(Exercise data Opens)

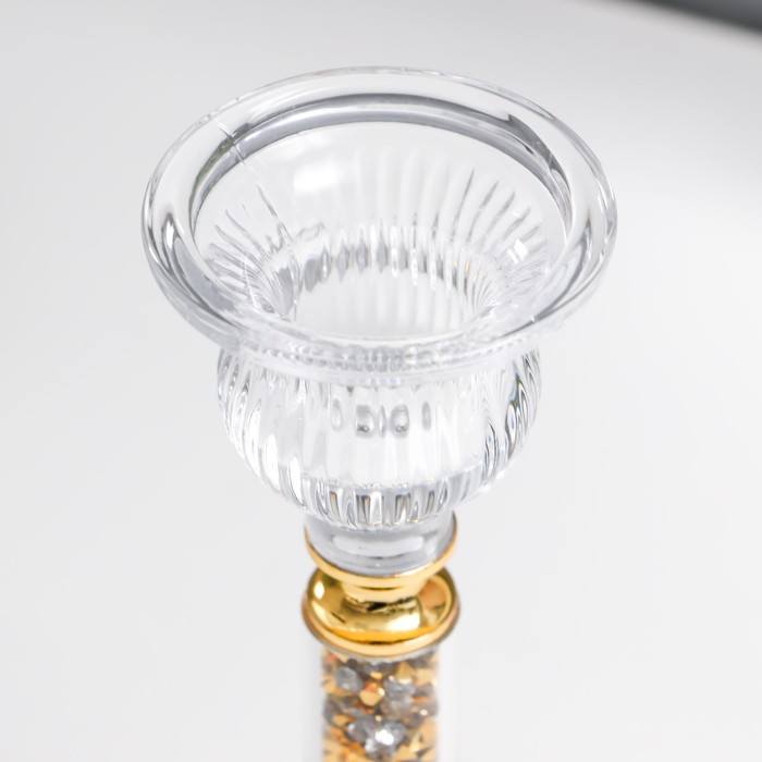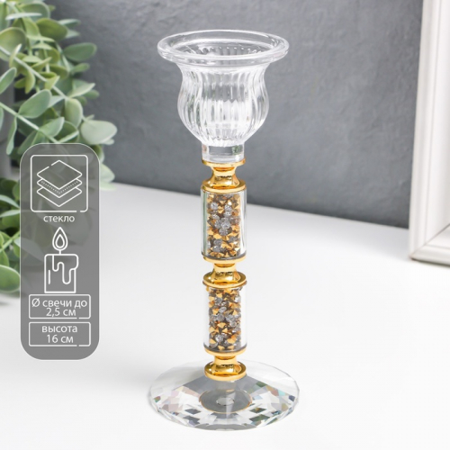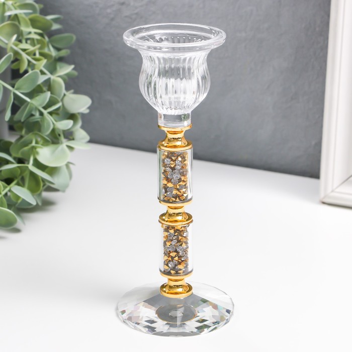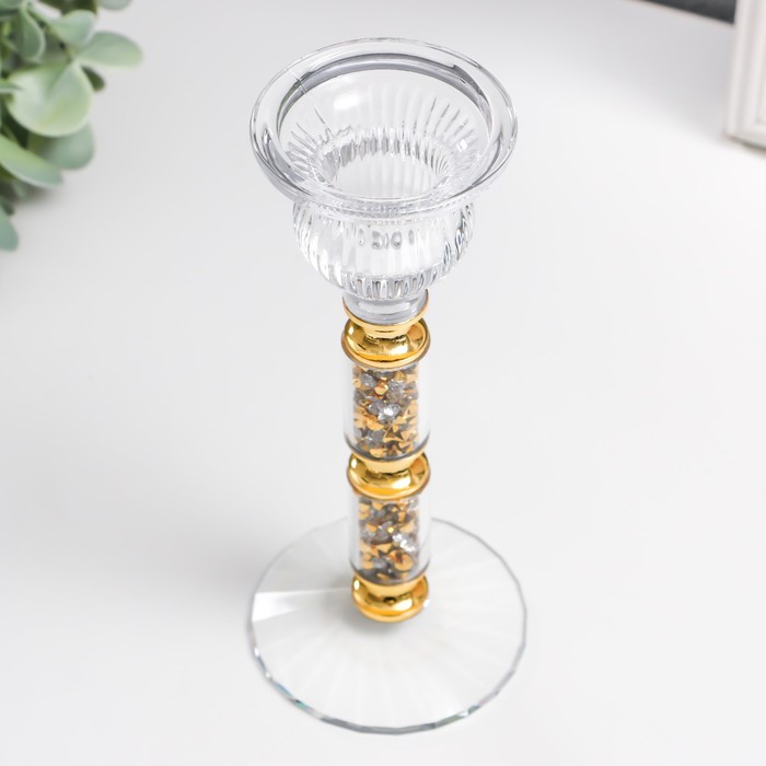 Стеклянный подсвечник на 1 свечу «Ребристый на ножке со стразами», с золотом, d=2.5 см, 7×7×16 см
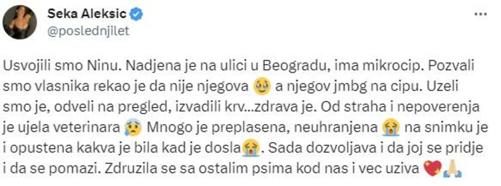 – Usvojili smo Ninu. Nađena je na ulici u Beogradu, ima mikročip. Pozvali smo vlasnika rekao je da nije njegova a njegov jmbg na čipu. Uzeli smo je, odveli na pregled, izvadili krv…zdrava je. Od straha i nepoverenja je ujela veterinara. Mnogo je preplašena, neuhranjena na snimku je i opuštena kakva je bila kad je došla. Sada dozvoljava i da joj se priđe i da se pomazi. Združila se sa ostalim psima kod nas i već uživa – napisala je Seka i objavila snimak na kom se vidi kako njeni sinovi, Jakov i Jovan, brinu o novom članu porodice.
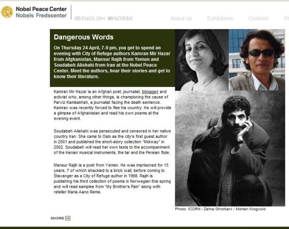 کامران ميرهزار، شاعر، نويسنده و سردبير کابل پرس?، روز پنجشنبه در مراسمی با هماهنگی سازمان آی سی او آر ان، انجمن قلم نروژ و مرکز صلح نوبل، در مرکز صلح نوبل در اسلو پايتخت کشور نروژ شعرخوانی خواهد داشت. بنا به خبر مرکز صلح نوبل او علاوه بر شعرخوانی، درباره ی وضعيت آزادی بيان در افغانستان سخن خواهد گفت. در اين مراسم ابتدا آقای يلسن، رييس انجمن قلم نروژ، کامران ميرهزار را به حاضرين معرفی خواهد کرد. پس از آن کامران ميرهزار تعدادی از شعرهايش را خواهد خواند. يکی از شاعران و روزنامه نگاران نروژ شعرهای او را که به زبان نروژی ترجمه شده است، برای حاضرين می خواند. سپس وی وضعيت آزادی بيان در افغانستان را تشريح کرده و به سوالات رييس انجمن قلم نروژ و حاضرين پاسخ می دهد. پيش از شروع اين مراسم، کامران ميرهزار گفت و گو هایی اختصاصی با برخی از روزنامه های مشهور کشور نروژ خواهد داشت.

(Exercise data Closes)

=== Task instructions ===
Please give every line above again word for word, apart from the pictures.

=== Answer for this exercise ===
 Стеклянный подсвечник на 1 свечу «Ребристый на ножке со стразами», с золотом, d=2.5 см, 7×7×16 см
 – Usvojili smo Ninu. Nađena je na ulici u Beogradu, ima mikročip. Pozvali smo vlasnika rekao je da nije njegova a njegov jmbg na čipu. Uzeli smo je, odveli na pregled, izvadili krv…zdrava je. Od straha i nepoverenja je ujela veterinara. Mnogo je preplašena, neuhranjena na snimku je i opuštena kakva je bila kad je došla. Sada dozvoljava i da joj se priđe i da se pomazi. Združila se sa ostalim psima kod nas i već uživa – napisala je Seka i objavila snimak na kom se vidi kako njeni sinovi, Jakov i Jovan, brinu o novom članu porodice.
 کامران ميرهزار، شاعر، نويسنده و سردبير کابل پرس?، روز پنجشنبه در مراسمی با هماهنگی سازمان آی سی او آر ان، انجمن قلم نروژ و مرکز صلح نوبل، در مرکز صلح نوبل در اسلو پايتخت کشور نروژ شعرخوانی خواهد داشت. بنا به خبر مرکز صلح نوبل او علاوه بر شعرخوانی، درباره ی وضعيت آزادی بيان در افغانستان سخن خواهد گفت. در اين مراسم ابتدا آقای يلسن، رييس انجمن قلم نروژ، کامران ميرهزار را به حاضرين معرفی خواهد کرد. پس از آن کامران ميرهزار تعدادی از شعرهايش را خواهد خواند. يکی از شاعران و روزنامه نگاران نروژ شعرهای او را که به زبان نروژی ترجمه شده است، برای حاضرين می خواند. سپس وی وضعيت آزادی بيان در افغانستان را تشريح کرده و به سوالات رييس انجمن قلم نروژ و حاضرين پاسخ می دهد. پيش از شروع اين مراسم، کامران ميرهزار گفت و گو هایی اختصاصی با برخی از روزنامه های مشهور کشور نروژ خواهد داشت.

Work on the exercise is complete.